Sądzę, że mimo wszystko ta książka może się podobać i ma swoich zwolenników.
Jej fabuła wiedzie od zmysłowych przyjemności dekadenckiej arystokracji,
poprzez przepełnione kadzidłami obrzędy Kościoła prawosławnego i terror w
katowniach Piotra. Cały odurzający i niebezpieczny świat cesarskiej Rosji,
zostaje w tej powieści ożywiony. Wreszcie „Caryca” to historia jednej
niezwykłej kobiety, której dążenie do władzy może być ciekawa i niezwykle
intrygująca, ale mnie niestety nie zachwyciła i nie spełniła moich oczekiwań.
Co więcej, czasami fabuła „Carycy” po prostu nie ma sensu. Nie jest to jednak
do końca winą autorki, bo tworzenie fikcji historycznej jest dużo trudniejsze
niż pisanie prawdziwej historii. Znajomość dokładnych danych dotyczących Rosji
z tamtego okresu z pewnością pomogłaby mi w lekturze „Carycy” i mój odbiór
książki też zapewne byłby zupełnie inny. A tak wydała mi się powieścią tylko o
rozpuście, torturach i morderstwach, zamiast o tym, jaka naprawdę była Marta/Katarzyna,
która była pierwszą kobietą, która samodzielnie rządziła Rosją.
„Zasługi zmarłego cara Piotra można by
wymieniać w nieskończoność: jego wielkość, wyjątkowość, mądrość jego rządów.
Lecz jego dzieło przyniosło cierpienie wszystkim, którzy się z nim zetknęli.

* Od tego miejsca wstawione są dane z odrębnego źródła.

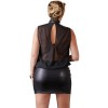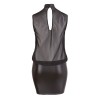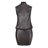 Mini-robe noire légère et ample, avec un haut transparent et sans manches qui met en valeur la silhouette. Petite découpe dans le dos et col montant à deux boutons, contrastant avec la jupe opaque et moulante qui souligne les courbes féminines.

Zniszczył pokój, dobrobyt i potęgę swojego imperium. Naruszył godność, prawa i
dobrostan swoich poddanych. W obraźliwy sposób mieszał się do wszystkich spraw:
od religii przez rodzinę aż po świętą cerkiew. Czy można miłować takiego
despotę? Nie, nigdy. Taki władca budzi jedynie nienawiść”.
Książkę
przeczytałam, dzięki uprzejmości Wydawnictwa Marginesy
Fikcję literacką z historią w tle zawsze sobie cenię. Tytuł zapisany na przyszłość.
OdpowiedzUsuńJa też uwielbiam, tylko tym razem to była dla mnie ciężka przeprawa.
UsuńOd czasu do czasu lubię zajrzeć do książki tego typu. Aktualnie jednak nie planuję jej lektury.
OdpowiedzUsuńJa lubię takie książki, ale ta tym razem nie spełniła moich oczekiwań. Nie odradzam jej lektury, może tylko mnie Caryca zwyczajnie nie trafiła w gust.